■ **YOUR OBJECTIVE**
Reproduce the listing that follows in full. Omit its images.

■ **DATA PROVIDED**
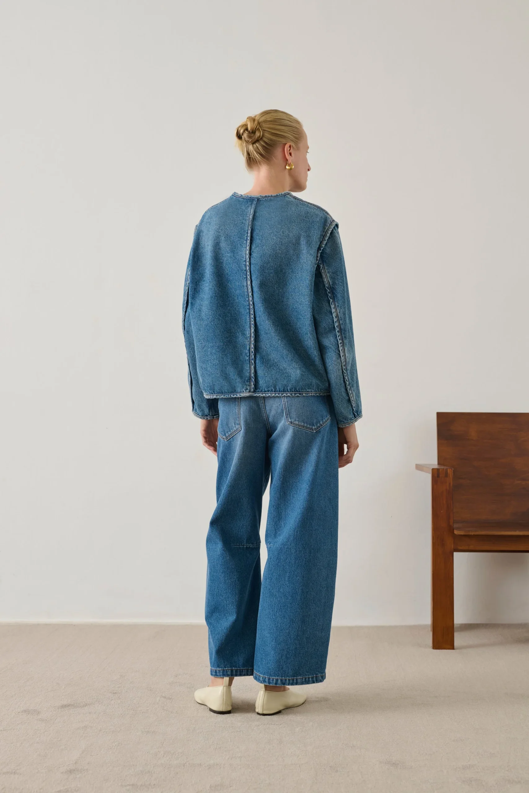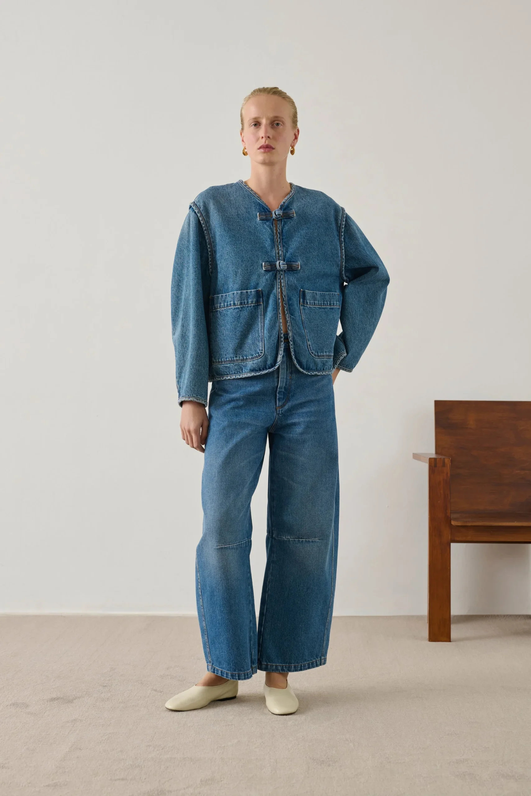 Jeans Eliott (detto anche Helliot) รจ unโicona Soeur dal taglio ampio โballoonโ: gamba arrotondata con pince al ginocchio e lunghezza cropped alla caviglia per slanciare la silhouette.
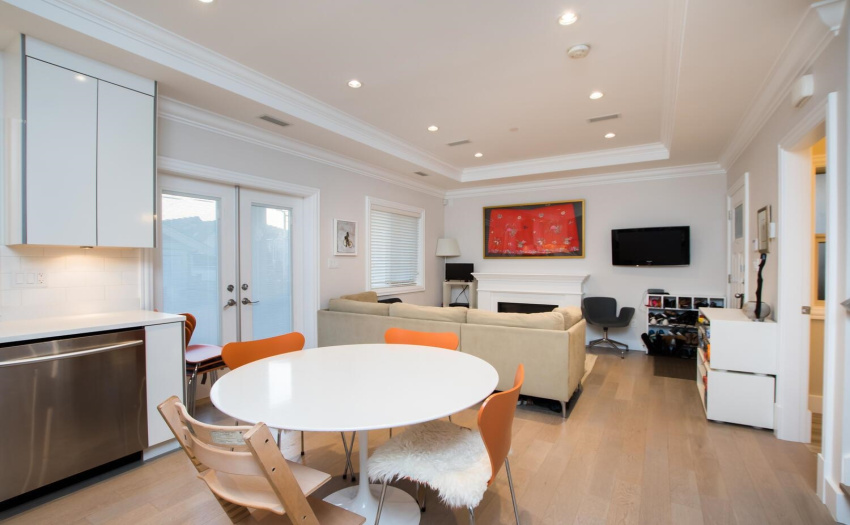 A fantastic 8 year young 1/2 Duplex, featuring 4 bedrooms and 3.5 baths. Main floor with Open Kitchen and living room which is great for entertaining. Main floor has a 2 pce bath and beautiful bright high ceilings with french doors to your private fully fenced back yard. There are many features such as custom kitchen pantry, Stainless appliances, granite counter tops, GAS STOVE, high gloss cabinets, in floor radiant heating,”Air Conditioning”and single garage. Upper floor has three good size bedrooms, and 2 full baths built for family living. The lower floor features a large one bedroom, full bath, kitchen and separate entrance to the back yard. Feel secure with the built in security system.
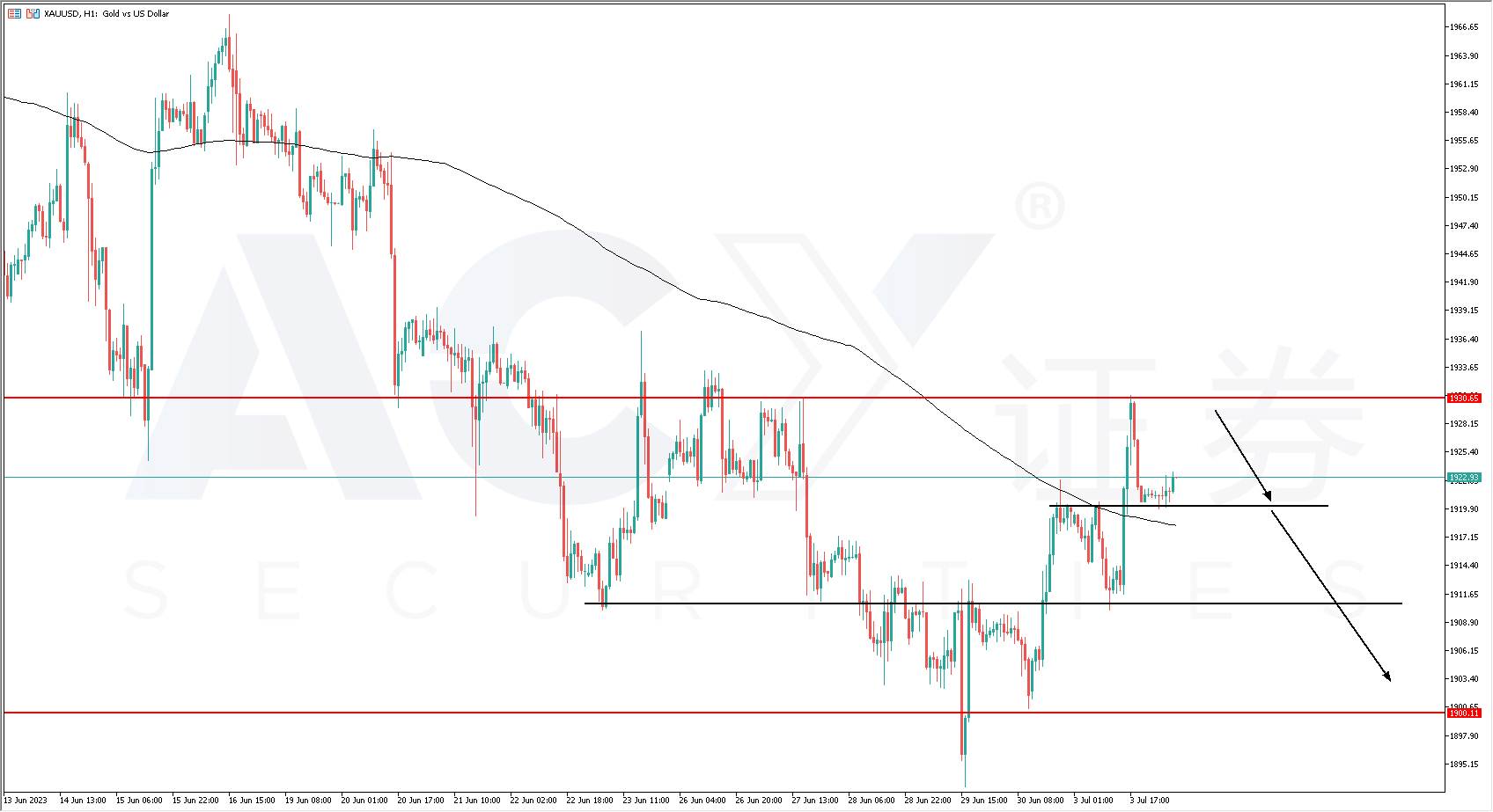 XAUUSD一小时图
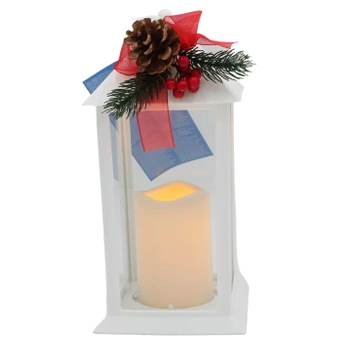Latarenka Biała Lampion Świeca Ecry Świąteczna Gałązka C26
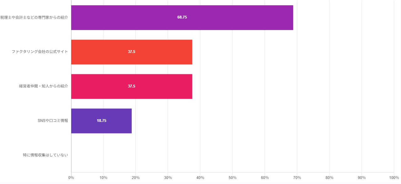 | ● 税理士や会計士などの専門家からの紹介 68.75%(11人) ● ファクタリング会社の公式サイト 37.50%(6人) ● 経営者仲間・知人からの紹介 37.50%(6人) ● SNSや口コミ情報 18.75%(3人) ● 特に情報収集はしていない 0%(0人) |

■ **FINISHED TASK**
 Jeans Eliott (detto anche Helliot) รจ unโicona Soeur dal taglio ampio โballoonโ: gamba arrotondata con pince al ginocchio e lunghezza cropped alla caviglia per slanciare la silhouette.
 A fantastic 8 year young 1/2 Duplex, featuring 4 bedrooms and 3.5 baths. Main floor with Open Kitchen and living room which is great for entertaining. Main floor has a 2 pce bath and beautiful bright high ceilings with french doors to your private fully fenced back yard. There are many features such as custom kitchen pantry, Stainless appliances, granite counter tops, GAS STOVE, high gloss cabinets, in floor radiant heating,”Air Conditioning”and single garage. Upper floor has three good size bedrooms, and 2 full baths built for family living. The lower floor features a large one bedroom, full bath, kitchen and separate entrance to the back yard. Feel secure with the built in security system.
 XAUUSD一小时图
Latarenka Biała Lampion Świeca Ecry Świąteczna Gałązka C26
 | ● 税理士や会計士などの専門家からの紹介 68.75%(11人) ● ファクタリング会社の公式サイト 37.50%(6人) ● 経営者仲間・知人からの紹介 37.50%(6人) ● SNSや口コミ情報 18.75%(3人) ● 特に情報収集はしていない 0%(0人) |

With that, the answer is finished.